- TASK GOAL -
Copy each line below as it stands, but skip any picture it contains.

- MATERIAL PROVIDED -
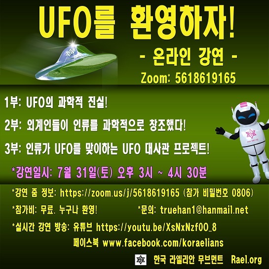 이처럼 국내외에 걸쳐 갈수록 UFO 출현 사례가 급증하고 이에 대한 관심이 고조되는 가운데, 한국 라엘리안 무브먼트(대표 정윤표)가 오는 7월 31일(토) 오후 3시부터 4시 30분까지 ‘UFO를 환영하자’는 주제로 UFO에 대한 대중의 호기심을 풀어주는 온라인 강연회를 진행한다.
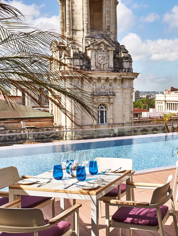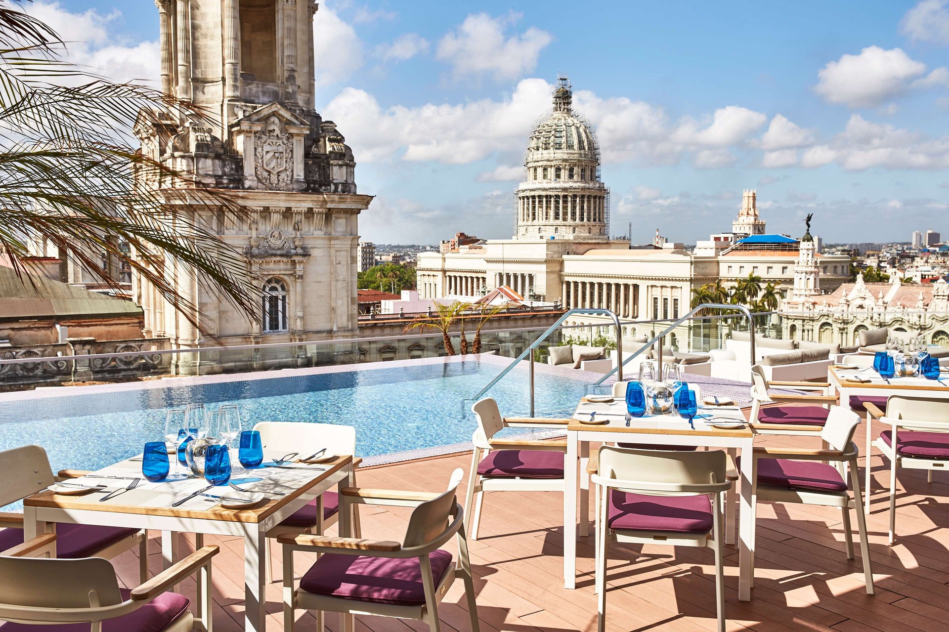 Our professional and personalised service team adapts to your wishes, tastes and preferences. The panoramic restaurant  San Cristobal and its terrace are the perfect place for special celebrations and meetings for breakfast, lunch and dinner, or cocktail parties that take advantage of the magnificent views of Havana at any time of the day. With its proximity to the meeting rooms on the upper floor, you can plan business lunches with great food and an amazing view.
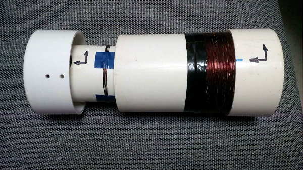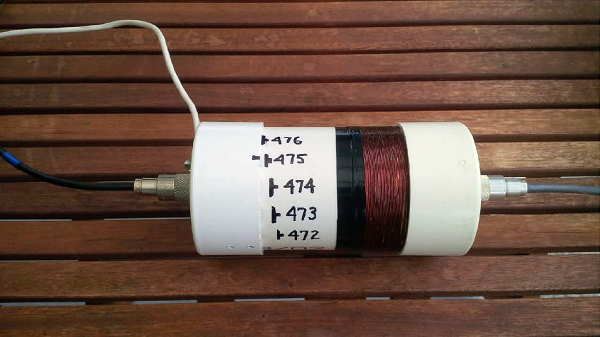 "You can see the white slider knob at the lower left, which goes through a slot in the outer pipe and screws into the end of the inner pipe. The white wire at the right goes to the matching transformer, and the black high-voltage wire at the left goes to the antenna. The coil is wound with #14 so it can handle some power. There are ventilation holes around the pipe and at the ends, but at 200W I did not notice any warming. A regular rotating variometer may have slightly lower losses, but it would be larger and I wanted to make my tuner box small so I can hide it near the trees."
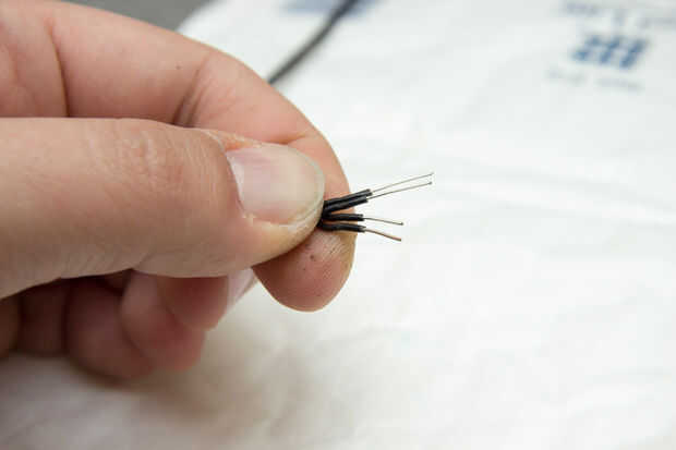 También puse una pequeña cantidad de soldadura en el otro extremo de los cables a los agujero juntos.
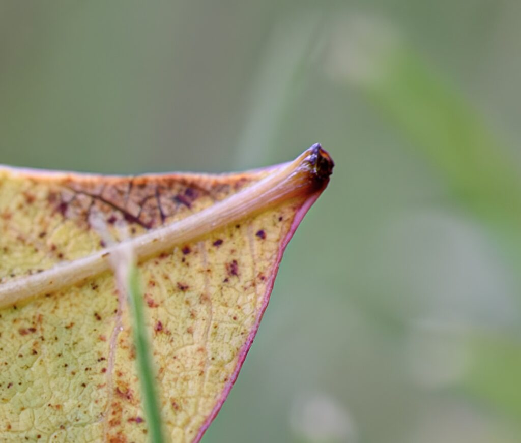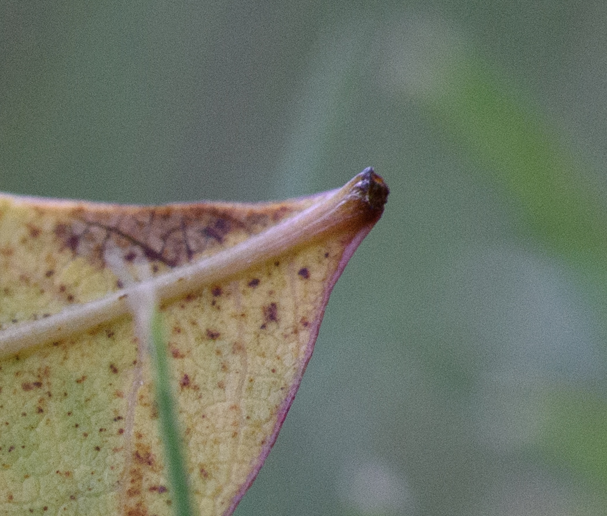 I squatted down on the somewhat soggy grass, put my camera in Live View, flipped up the screen just a bit, dialed in an aperture of f/11 with minimum shutter speed of 1/180 second, and fired off a couple of shots. (My aging D750, as I have written about before, still stands toe-to-toe with any modern camera in terms of straight-up image quality, but when it comes to composing in Live View…well, let’s just say it’s pretty outdated. It works great if the subject is still though, which this leaf most certainly was.) This one ended up as my favorite from the bunch: the leaf is sharp, detailed, and stands out from the foreground and background. It even has a cool purple fringe on the lower portion which is not, as one might assume, an optical artifact from light bouncing around in the lens, but just the natural color of the leaf as it withers away.
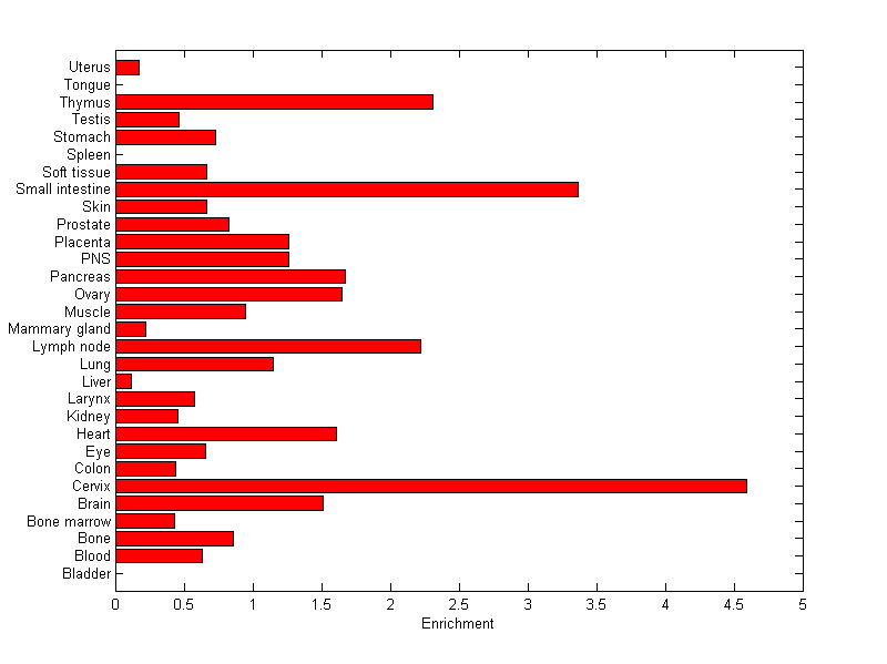 The expression level is normalized with tissue-library size. Each value for a gene in a tissue is a ratio of observed ESTs to the expected one in this tissue. The expected number of ESTs is the product of total ESTs of the gene and the fraction of total ESTs in the tissue among all ESTs in 30 tissues.
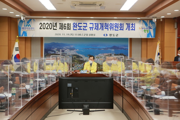 [완도=신흥권 기자] 전남 완도군은 최근 군청 상황실에서 군 규제개혁위원회 위원장인 봉진문 부군수를 비롯해 심의위원, 관계 공무원 등 15여명이 참석한 가운데 '2020년 제6회 규제개혁위원회'를 개최했다.
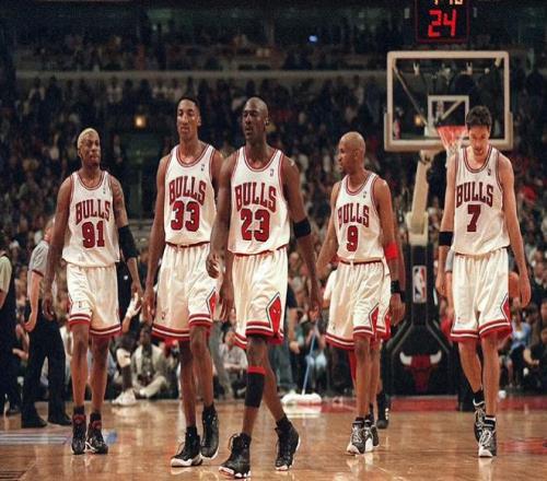 如果要给这几支王朝球队进行一个排名,那么公牛毫无疑问要在第一名的位置。在那个诸神混战的年代,乔丹和公牛的存在,真的是直接埋没一代的超巨球员。
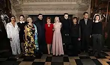 On 13 June 2017, Jack Lowden was announced to play Lord Darnley, while Joe Alwyn was announced to play Robert Dudley.[12][13] On 22 June 2017, it was reported that Martin Compston was cast in the film to play James Hepburn, 4th Earl of Bothwell, the third husband of Stuart.[14] On 23 June 2017, German-Romanian actress Maria-Victoria Dragus had also joined the cast to play Scottish noblewoman and childhood friend of Stuart, Mary Fleming, marking her English-language debut in film, having a minor role previously in Australian teen drama Dance Academy.[15] On 17 August 2017, Brendan Coyle, David Tennant, and Guy Pearce joined the cast,[16][17] followed by Gemma Chan the next day.[18] On 22 August, Ismael Cruz Córdova was cast to play David Rizzio, Mary's close friend and confidant.[19]
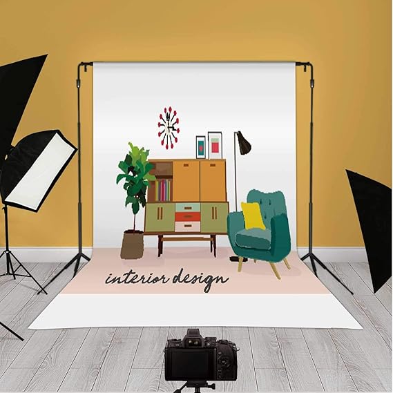 Amazon Com Interior Design Mid Century Modern Furniture Design Living Room Colorful 1950 1960 Style Backdrop For Photo Video Background 10ft X 20ft Camera Photo
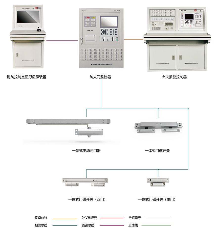 尼特防火门监控系统分为“二线制”解决方案和“四线制”解决方案,系统符合国家标准 GB29364-2012《防火门监控器》,采用 FT-BUS 全数字总线技术,主机自带 63 点总线 控制盘;单机容量 2000 点,可通过 CAN 总线实现 200 台主机联网;门磁开关和电动闭门器采用两总线工作方式。 系统可通过 RS485 接口与消防控制室图形显示装置连接,具有高可靠性和广泛的工程适应性。
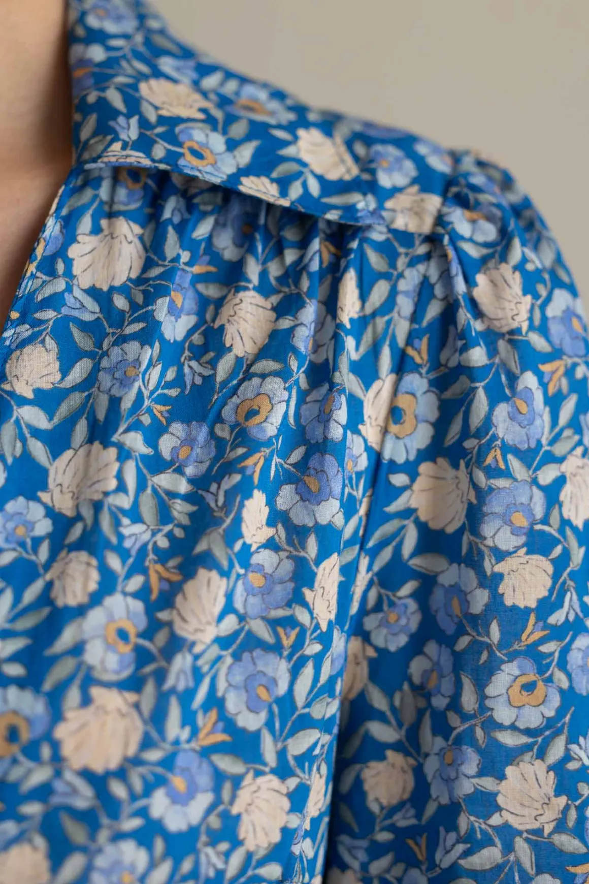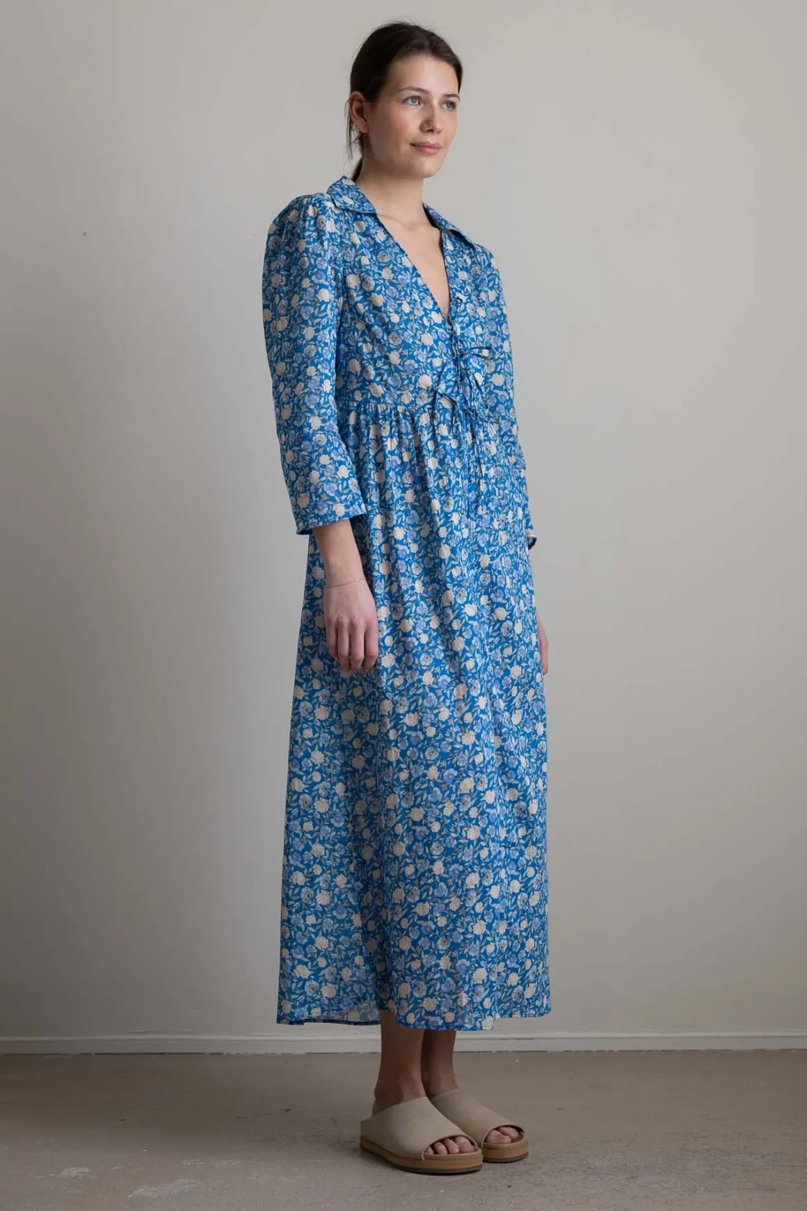 En drøm av en kjole fra Rixo. Franchi-kjolen er lett og luftig i tynn bomullsvoile, med et delikat blomsterprint som forener bohemsk sjarm og vintageinspirert silhuett. Tre knytebånd foran og ett bak gir mulighet til å justere passformen slik du ønsker, da båndene er festet i sidene. En skjult knappestolpe fra livet og ned skaper et rent uttrykk, mens den dype frontsplitten tilfører både bevegelse og letthet. Smale ermer uten mansjetter, rynket midje og klassisk krage gir en feminin og tidløs form.

- REPLY TO THE EXERCISE -
 이처럼 국내외에 걸쳐 갈수록 UFO 출현 사례가 급증하고 이에 대한 관심이 고조되는 가운데, 한국 라엘리안 무브먼트(대표 정윤표)가 오는 7월 31일(토) 오후 3시부터 4시 30분까지 ‘UFO를 환영하자’는 주제로 UFO에 대한 대중의 호기심을 풀어주는 온라인 강연회를 진행한다.
 Our professional and personalised service team adapts to your wishes, tastes and preferences. The panoramic restaurant  San Cristobal and its terrace are the perfect place for special celebrations and meetings for breakfast, lunch and dinner, or cocktail parties that take advantage of the magnificent views of Havana at any time of the day. With its proximity to the meeting rooms on the upper floor, you can plan business lunches with great food and an amazing view.
 "You can see the white slider knob at the lower left, which goes through a slot in the outer pipe and screws into the end of the inner pipe. The white wire at the right goes to the matching transformer, and the black high-voltage wire at the left goes to the antenna. The coil is wound with #14 so it can handle some power. There are ventilation holes around the pipe and at the ends, but at 200W I did not notice any warming. A regular rotating variometer may have slightly lower losses, but it would be larger and I wanted to make my tuner box small so I can hide it near the trees."
 También puse una pequeña cantidad de soldadura en el otro extremo de los cables a los agujero juntos.
 I squatted down on the somewhat soggy grass, put my camera in Live View, flipped up the screen just a bit, dialed in an aperture of f/11 with minimum shutter speed of 1/180 second, and fired off a couple of shots. (My aging D750, as I have written about before, still stands toe-to-toe with any modern camera in terms of straight-up image quality, but when it comes to composing in Live View…well, let’s just say it’s pretty outdated. It works great if the subject is still though, which this leaf most certainly was.) This one ended up as my favorite from the bunch: the leaf is sharp, detailed, and stands out from the foreground and background. It even has a cool purple fringe on the lower portion which is not, as one might assume, an optical artifact from light bouncing around in the lens, but just the natural color of the leaf as it withers away.
 The expression level is normalized with tissue-library size. Each value for a gene in a tissue is a ratio of observed ESTs to the expected one in this tissue. The expected number of ESTs is the product of total ESTs of the gene and the fraction of total ESTs in the tissue among all ESTs in 30 tissues.
 [완도=신흥권 기자] 전남 완도군은 최근 군청 상황실에서 군 규제개혁위원회 위원장인 봉진문 부군수를 비롯해 심의위원, 관계 공무원 등 15여명이 참석한 가운데 '2020년 제6회 규제개혁위원회'를 개최했다.
 如果要给这几支王朝球队进行一个排名,那么公牛毫无疑问要在第一名的位置。在那个诸神混战的年代,乔丹和公牛的存在,真的是直接埋没一代的超巨球员。
 On 13 June 2017, Jack Lowden was announced to play Lord Darnley, while Joe Alwyn was announced to play Robert Dudley.[12][13] On 22 June 2017, it was reported that Martin Compston was cast in the film to play James Hepburn, 4th Earl of Bothwell, the third husband of Stuart.[14] On 23 June 2017, German-Romanian actress Maria-Victoria Dragus had also joined the cast to play Scottish noblewoman and childhood friend of Stuart, Mary Fleming, marking her English-language debut in film, having a minor role previously in Australian teen drama Dance Academy.[15] On 17 August 2017, Brendan Coyle, David Tennant, and Guy Pearce joined the cast,[16][17] followed by Gemma Chan the next day.[18] On 22 August, Ismael Cruz Córdova was cast to play David Rizzio, Mary's close friend and confidant.[19]
 Amazon Com Interior Design Mid Century Modern Furniture Design Living Room Colorful 1950 1960 Style Backdrop For Photo Video Background 10ft X 20ft Camera Photo
 尼特防火门监控系统分为“二线制”解决方案和“四线制”解决方案,系统符合国家标准 GB29364-2012《防火门监控器》,采用 FT-BUS 全数字总线技术,主机自带 63 点总线 控制盘;单机容量 2000 点,可通过 CAN 总线实现 200 台主机联网;门磁开关和电动闭门器采用两总线工作方式。 系统可通过 RS485 接口与消防控制室图形显示装置连接,具有高可靠性和广泛的工程适应性。
 En drøm av en kjole fra Rixo. Franchi-kjolen er lett og luftig i tynn bomullsvoile, med et delikat blomsterprint som forener bohemsk sjarm og vintageinspirert silhuett. Tre knytebånd foran og ett bak gir mulighet til å justere passformen slik du ønsker, da båndene er festet i sidene. En skjult knappestolpe fra livet og ned skaper et rent uttrykk, mens den dype frontsplitten tilfører både bevegelse og letthet. Smale ermer uten mansjetter, rynket midje og klassisk krage gir en feminin og tidløs form.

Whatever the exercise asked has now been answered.